I have a horrific headache as I’m writing this, so it may be very short. I’ve been thinking a lot lately about trust – and about trusting my inner voice most of all. It’s part of why I’m writing my book about ritual – I believe so strongly that it’s our connection to our inner self that’s most important, and that one of the ways of accessing that inner self is through ritual. Trouble is, it’s not always so easy to do. Trust, I mean.
Many, many, many times I have received messages from my inner self – through dreams, trances, and intuitions – and part of me has always doubted. How could I trust myself? What if I was wrong? What if it was all in my head – all made up? The more distance I got from the moment of inspiration, the more doubt that seeped in around the edges. Even after years of honing my discernment, I doubt.

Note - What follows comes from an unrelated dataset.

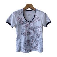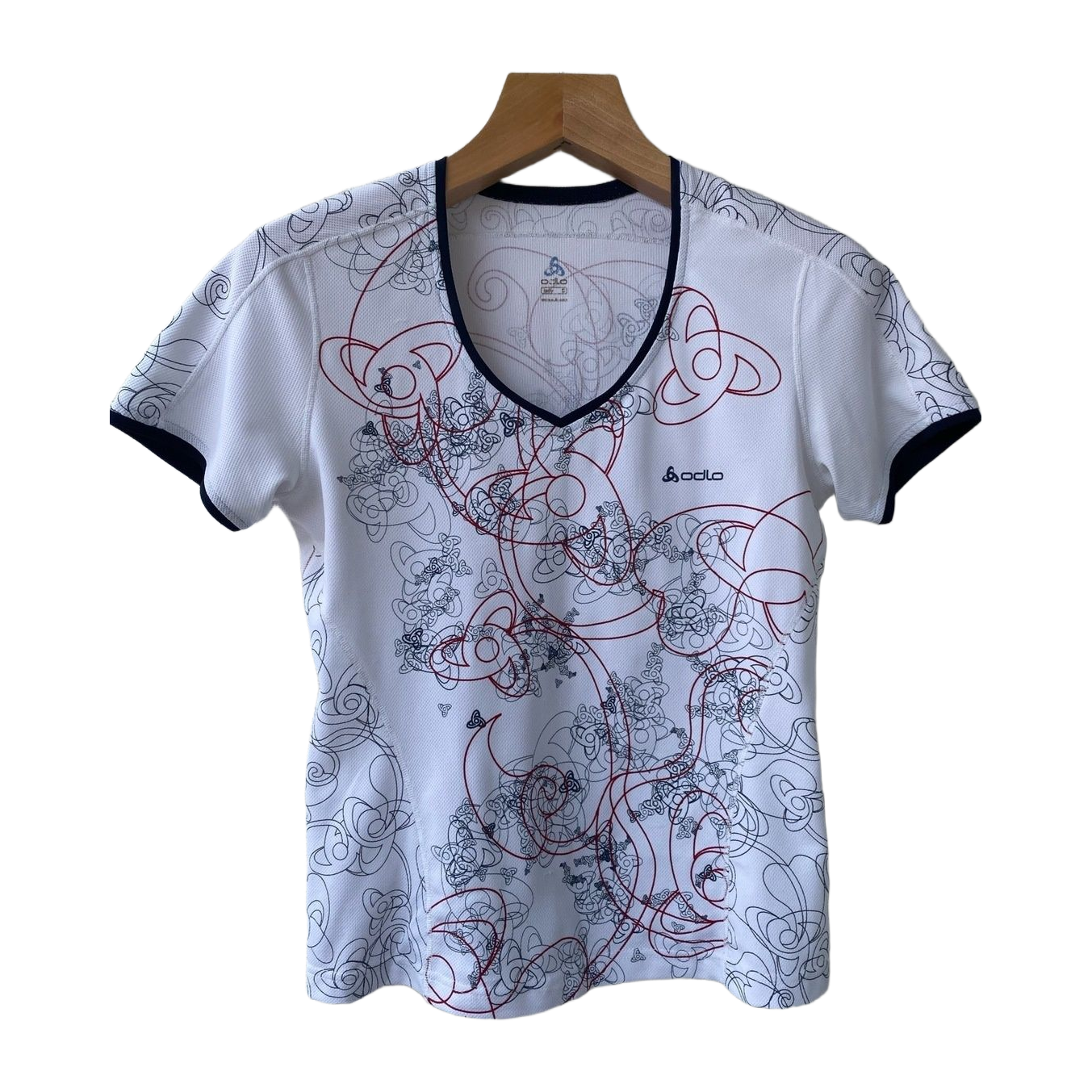 Paidan materiaali kevyttä ja hengittävää. V-aukollinen, korostaa hieman vyötäröä. Moitteettomassa kunnossa. Käytetty jonkun verran kevyeeseen urheiluun sisätiloissa, hyvässä kunnossa/ei hien hajuja!

And then another dream will come… or another gut hit. I know what I have to do. If only I had the strength to carry through. Sometimes it’s there, sometimes not. Sometimes I do a push me / pull you dance of back and forth. And I wait for the brick to the head, if it comes to that. (The one that’s thrown by an increasingly frustrated inner guide, who starts with nudges and small pebbles, but has no compunctions about resorting to indicators a lot more forceful, if need be.)
I’m in one of those places right now. I have a very strong intuition that I need to cut back on my blog writing, and yet I can’t give up my schedule. Sometimes I fear that if I left blogging for the inspired moments, I’d never get anything written. There’s a part of me that doesn’t believe in anything but hard work and slogging. Joy, lightness, flow, alignment – that stuff is too ephemeral. Too unreliable. Too risky.
(Still waiting for that brick, I guess…)
Are there any bricks in your near future?